Falsely (this is born out to me, daily), I’ve held onto some delusional notion that for a few days and perhaps—even weeks—humans in America can dig deeper and find their better natures. And after all their efforts at excavation—actually extend their humanity beyond the end of their noses. It’s probably a case of too many times viewing “It’s a Wonderful Life,” or Hallmark’s endless parade of holiday happy-ever-after schlock.
I know I’m living on another planet. Just days before Thanksgiving—that most American of holidays in terms of myth and nostalgia—I was reminded yet again in a very in-your-face sort of way of how shitty nearly every human I manage to rub elbows with, or come close enough to, and having their noxious aura leak into my own personal space. Did I tell you that I hate most humans (or many of the ones I am forced to endure, daily)?
At work, there is a tree. Someone thought we could all write what we’re thankful for on a blank leaf. Then, hang it on the tree. I don’t hold it against them. They meant well.
For more than a week now, I’ve been trying to think of something I could write that wouldn’t sound snarky, or be considered mean, or end up simply being sad. It occurred to me today that I won’t be adding a leaf to the tree.
Before Mark was killed, I had a dream. In the dream, I was asked to front a band and play guitar. This from the guy who was years out from beginning his year-long journey into simply surviving, picking up a guitar and playing it nearly every day. In the dream, somehow, I faked my way through songs and they sounded really good. I woke from the dream and thought, “I wish I could play like that.”
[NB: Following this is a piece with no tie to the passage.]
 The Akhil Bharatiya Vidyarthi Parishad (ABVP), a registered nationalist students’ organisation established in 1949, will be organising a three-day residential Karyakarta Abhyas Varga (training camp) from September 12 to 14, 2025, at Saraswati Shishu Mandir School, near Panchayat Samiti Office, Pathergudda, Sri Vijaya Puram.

Yesterday, after the shittiest of shitty Mondays at work, listening to angry, entitled people rail and malign their healthcare (in America, if you have it, you are fucking lucky!), I came home to a cacophony of hammers, yelling, and a generator whirring across the street. My neighbors were having a roof repair done. I’m sorry their roof was leaking—they are perfectly nice people and the best anyone could ask for in terms of living near, but of all days, I simply wanted something other than this home repair racket.
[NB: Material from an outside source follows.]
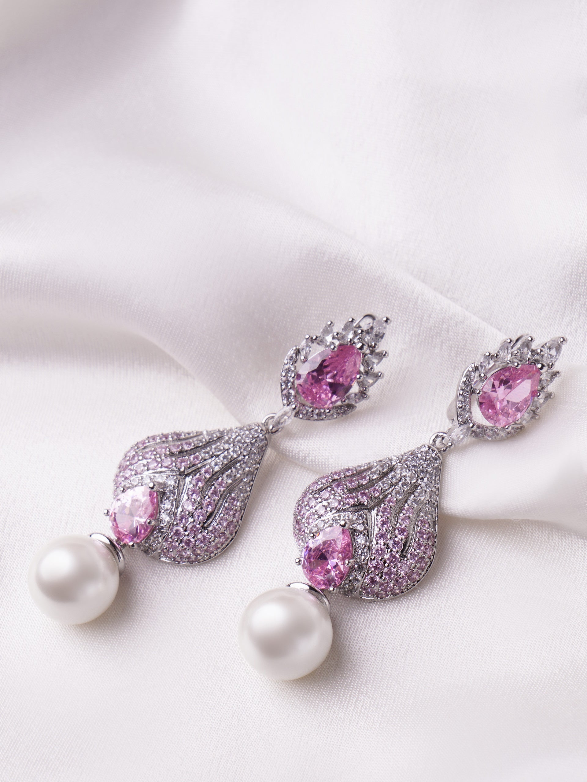 Delicately crafted, the Buddha Earring showcases a stunning pink cubic zirconia stone paired with an elegant pearl drop, creating a harmonious blend of color and sophistication. This unique design adds a graceful touch to any outfit, perfect for enhancing your everyday style with a subtle yet charming sparkle.

I spent a few minutes playing with Lucy and then, down into the basement I went. I flicked on the power switch on Voxie and picked up Danny off the guitar stand. I ran through “Cinnamon Girl” by Neil Young. I then spent time working on adding a bridge to “Spaceship Blues,” the new song I wrote last week. I played “Rachel, Rachel,” another song I wrote. It dawned on me that my dream was coming true.
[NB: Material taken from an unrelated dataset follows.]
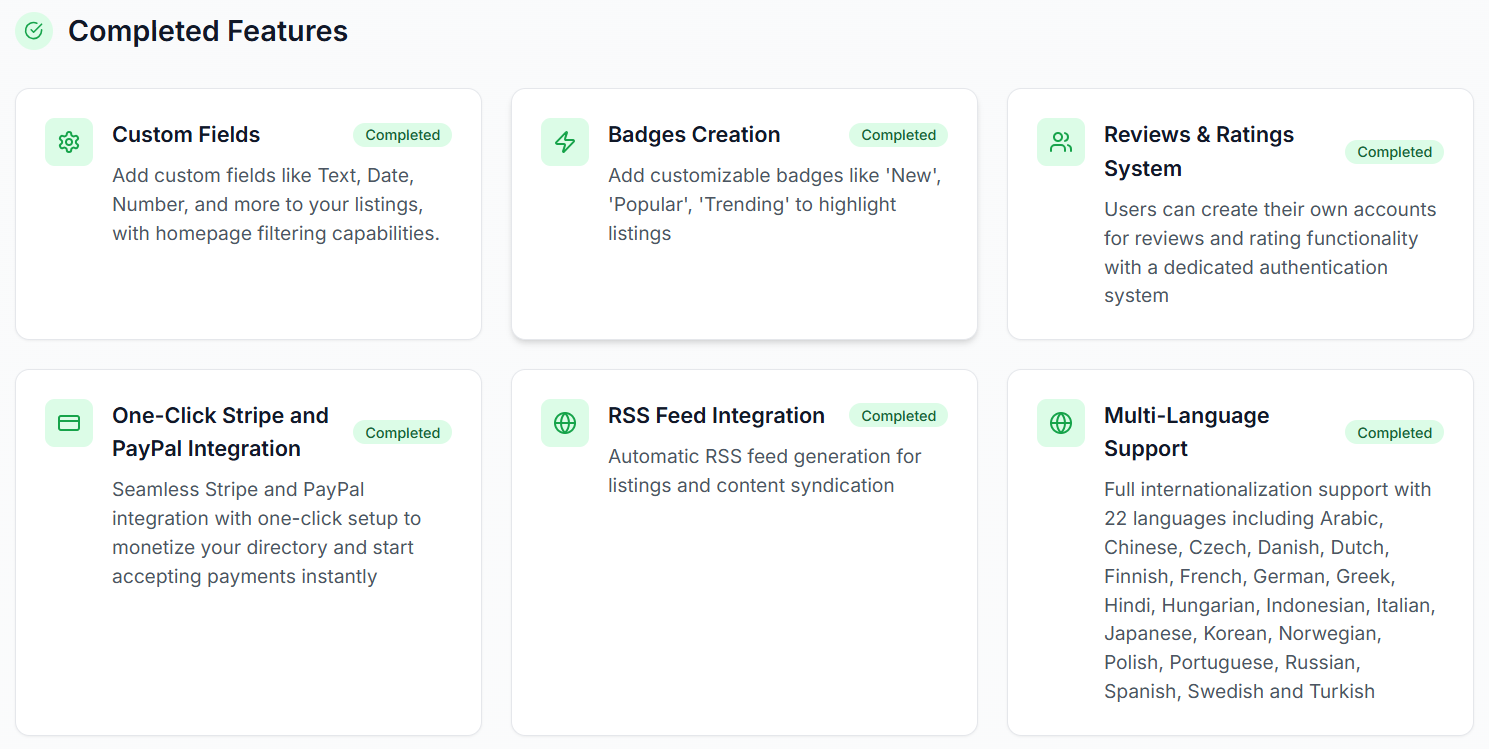 | Automatic URL Generation | Clean, readable URLs for each listing |

I could turn this into a listicle of things people should do for Thanksgiving. I’ll spare you and not waste my time engaging in futility.
Instead, I’ll turn my attention to music and another song that has meaning for two reasons this season: one, Christmas will always be the worst of seasons for me and Mary for obvious reasons if you know us and the abridged version of our story at all. Two, I’m learning this one by Sufjan Stevens as my own “Christmas Song” this year.
People might suck, at least most of the ones I’ve wasted my time attempted to remain tethered too: but playing guitar and getting a little better every day doesn’t.